Re: Doing crypto in small stack buffers (bluetooth vs vmalloc-stack crash, etc)

2016-06-28 Thread George Spelvin
> We have actually gained quite a bit of documentation recently.
> Have you looked at Documentation/DocBook/crypto-API.tmpl?
> 
> More is always welcome of course.

It's improved since I last looked at it, but there are still many structures
that aren't described:

- struct crypto_instance
- struct crypto_spawn
- struct crypto_blkcipher
- struct blkcipher_desc
- More on the context structures returned by crypto_tfm_ctx

Also not mentioned in the documentation is that some algorithms *do*
have different implementations depending on key size.  SHA-2 is the
classic example.


Re: Doing crypto in small stack buffers (bluetooth vs vmalloc-stack crash, etc)

2016-06-28 Thread Herbert Xu
On Tue, Jun 28, 2016 at 09:23:01AM -0400, George Spelvin wrote:
> 
> Wow, I should see how you do that.  I couldn't get it below 3
> blocks of temporary, and the dst SG list only gives you
> one and a half.

I don't mean that I'm using no temporary buffers at all, just
that the actual crypto only operates on the SG lists.  I'm still
doing the xoring and stitching in temp buffers.  I just counted
and I'm using three blocks like you.

> Is net/sunrpc/auth_gss/gss_krb5_mech.c doing something odd?
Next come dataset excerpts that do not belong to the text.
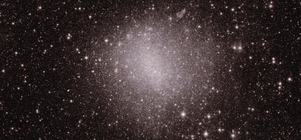 To create a 3D map of the universe, Euclid observes light from galaxies up to a distance of 10 billion light years. Most of the galaxies of the early universe do not look like the typical neat spiral but are irregular and small. These form the building blocks for larger galaxies like ours, and we can still notice some of these galaxies relatively close to us. This first irregular dwarf galaxy observed by Euclid is called NGC 6822 and is located nearby, just 1.6 million light years from Earth.
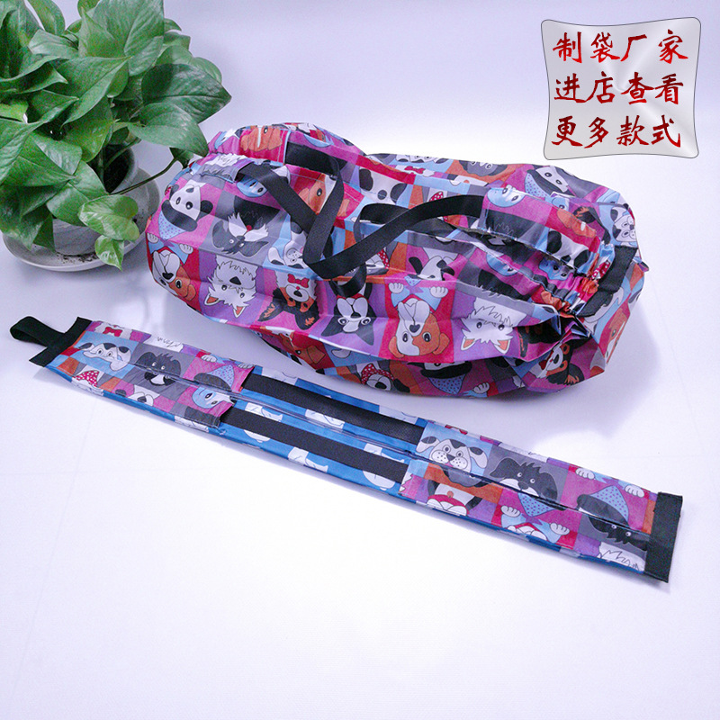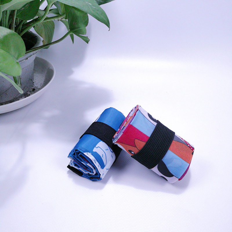 AOS新款花布手提购物袋涤纶松紧带收纳袋折叠袋广告袋可定制储物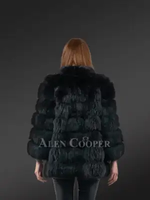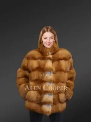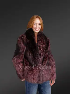 Womens Fox Fur Jacket in Wine Shade–A Statement Piece of Timeless Elegance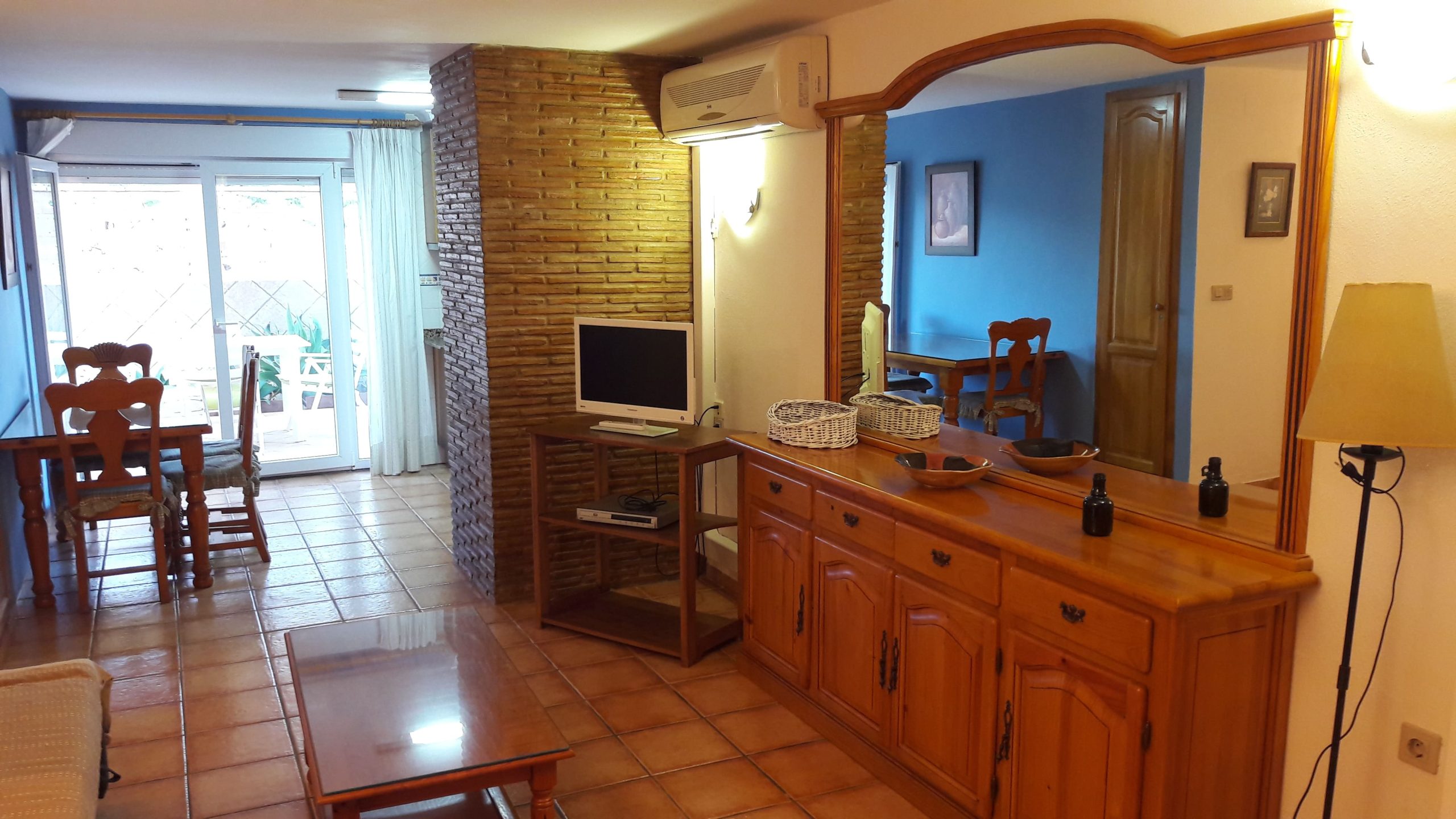 Bajo en 1ª linea de la playa de Oliva. Ideal para 4 personas. Con salida directa a la playa con gran terraza frente al paseo y zona verde que linda con la duna de la playa, playa de arena fina y orilla del mar con pendiente suave, ideal para paseos y que jueguen los niños. Consta de dos habitaciones, baño, salón y cocina.

Yes gss_krb5_crypto.c is the one.

> I have a request of you: like Andy, I find the crypto layer an
> impenetrable thicket of wrapper structures.  I'm not suggesting there
> aren't reasons for it, but it's extremely hard to infer those reasons by
> looking at the code.  If I were to draft a (hilariously wrong) overview
> document, would you be willing to edit it into correctness?

We have actually gained quite a bit of documentation recently.
Have you looked at Documentation/DocBook/crypto-API.tmpl?

More is always welcome of course.

Cheers,
-- 
Email: Herbert Xu 
Home Page: http://gondor.apana.org.au/~herbert/
PGP Key: http://gondor.apana.org.au/~herbert/pubkey.txt


Re: Doing crypto in small stack buffers (bluetooth vs vmalloc-stack crash, etc)

2016-06-28 Thread George Spelvin
Herbert Xu wrote:
> I'm currently working on cts and I'm removing the stack usage
> altogether by having it operate on the src/dst SG lists only.

Wow, I should see how you do that.  I couldn't get it below 3
blocks of temporary, and the dst SG list only gives you
one and a half.

> BTW, the only cts user in our tree appears to be implementing
> CTS all over again and is only calling the crypto API cts for
> the last two blocks.  Someone should fix that.

Hint taken.  Although I'm having a hard time finding that only user
amidst all the drivers thinking it means Clear To Send or (for HDMI)
Cycle Time Stamp.

Um...the uses in fs/crypto/keyinfo.c and fs/ext4/crypto_key.c
don't seem to do anything untoward.

Is net/sunrpc/auth_gss/gss_krb5_mech.c doing something odd?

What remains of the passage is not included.